Question

Topic: Strategy

Ideas For A Corporate Event

Posted by Anonymous on 250 Points
Our company has been exhibiting at an international trade show for the last 10 years. We attended this show with the main purpose of communicating to our distributor network the quality and superiority of our products vs. the competition and to maintain the relationships with these distributors. We spend 4 days at the show; invite them for a day with hotels and a big dinner/entertainment in the evening and that is it. This show is not intended to generate sales leads but to reassure them that we are the best company to work with.

This year we decided to change this approach and look for an alternative corporate hospitality event instead.

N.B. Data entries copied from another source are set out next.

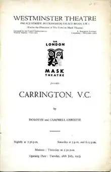 Carrington VC is a 1953 stage play by husband and wife playwrights Campbell and Dorothy Christie. The production premiered on the West End in London at the Westminster Theatre. It was directed by Michael MacOwan and starred Alec Clunes, John Wood, John Garside, Allan Cuthbertson, Lionel Jeffries, and Rachel Gurney.[1] A resounding success, the play was adapted for film in 1954.[2]
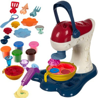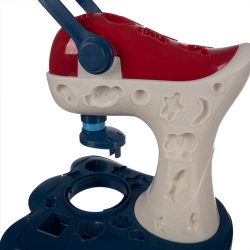 MIXÉR + STRIEKAČKA – súčasťou je mixér, ktorý sa po stlačení páky otáča a vytvára pečiatky na koláčiky či muffiny. Nie je potrebná veľká sila, preto je vhodný pre všetky deti. Súčasťou je aj striekačka na vytláčanie modelovacej hmoty.
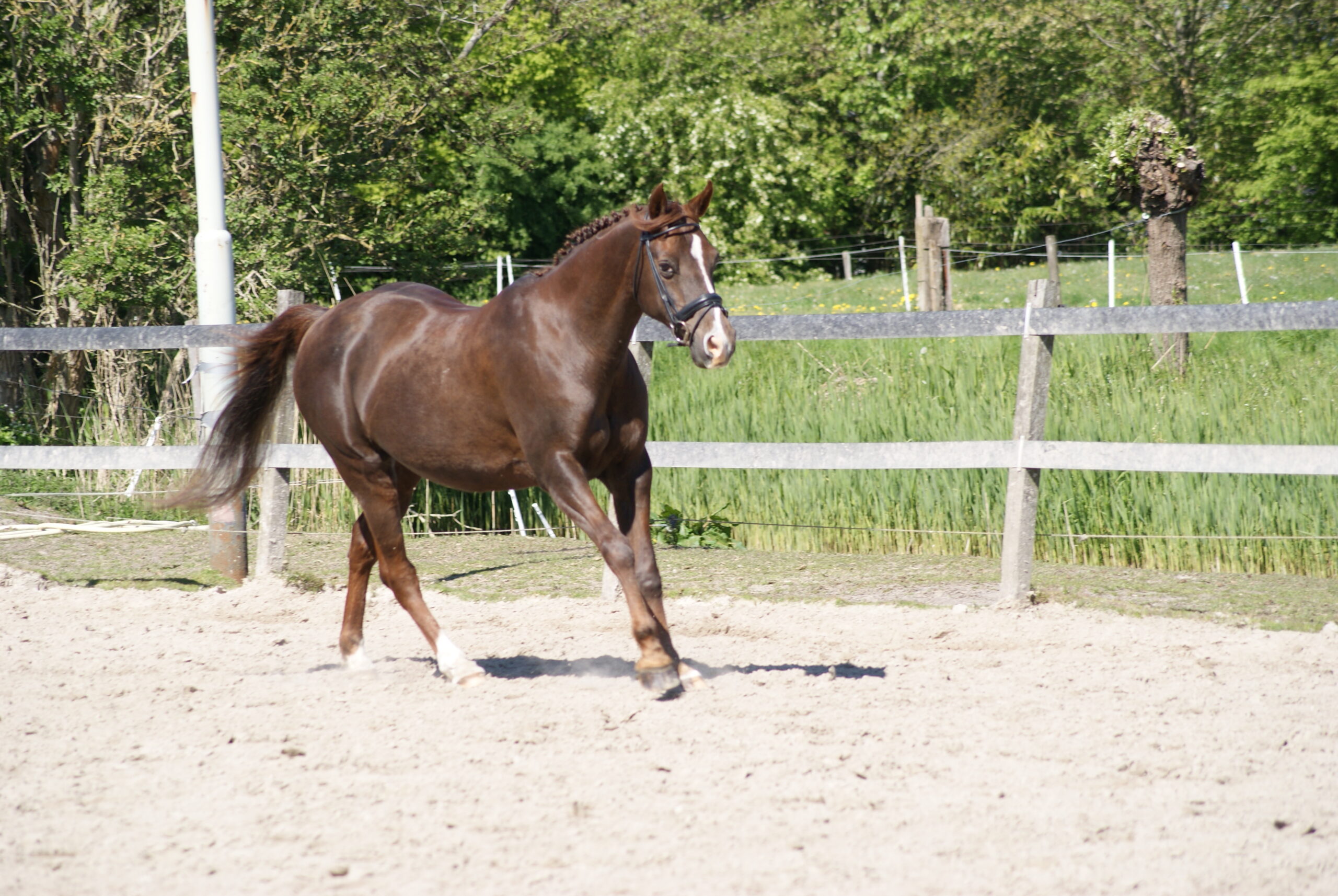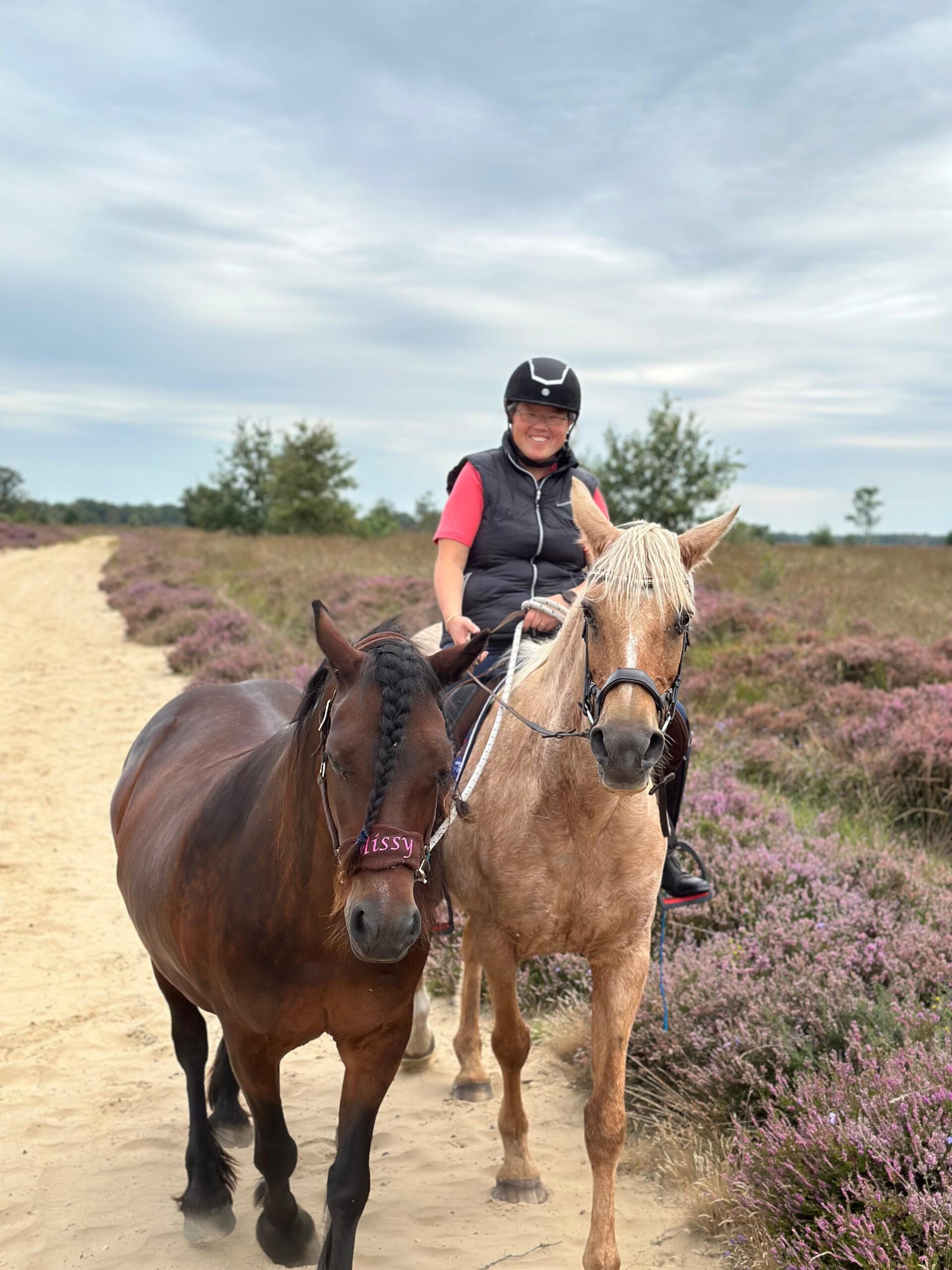 Kimberly hebben wij sinds de zomer, eigenlijk was ze op proef voor een meisje uit het dorp. Maar die vonden haar te oud. Daardoor heb ik haar eens meegenomen naar buiten. Dat klikte zo goed, na een zware operatie dit jaar en enkele jaren niet meer gereden te hebben gaf Kimberly mij weer vertouwen om te kunnen genieten van het buiten rijden. Op de feestavond j.l. werd ze officieel van ons. Nu mag ze lekker genieten van haar pensioen en kan ik heerlijk genieten van haar !

We are UK manufacturer of protection systems with worldwide operations. Our network of installers varies in business size, quality and geography (UK, European & American).

My current dilemmas are:
- What type of event will suit this varied audience?
- Should we do different events due to the differences among them and the quality of relationship that we have with them?
- I don’t want to fall in the trap of a corporate day all business/strategy talk that will bore people; I would like to mix business with pleasure in the best way possible. How can I do that if you think this is the best option?
- Some of these people are very wealthy and difficult to impress, what can we offer them that they will consider value added proposition?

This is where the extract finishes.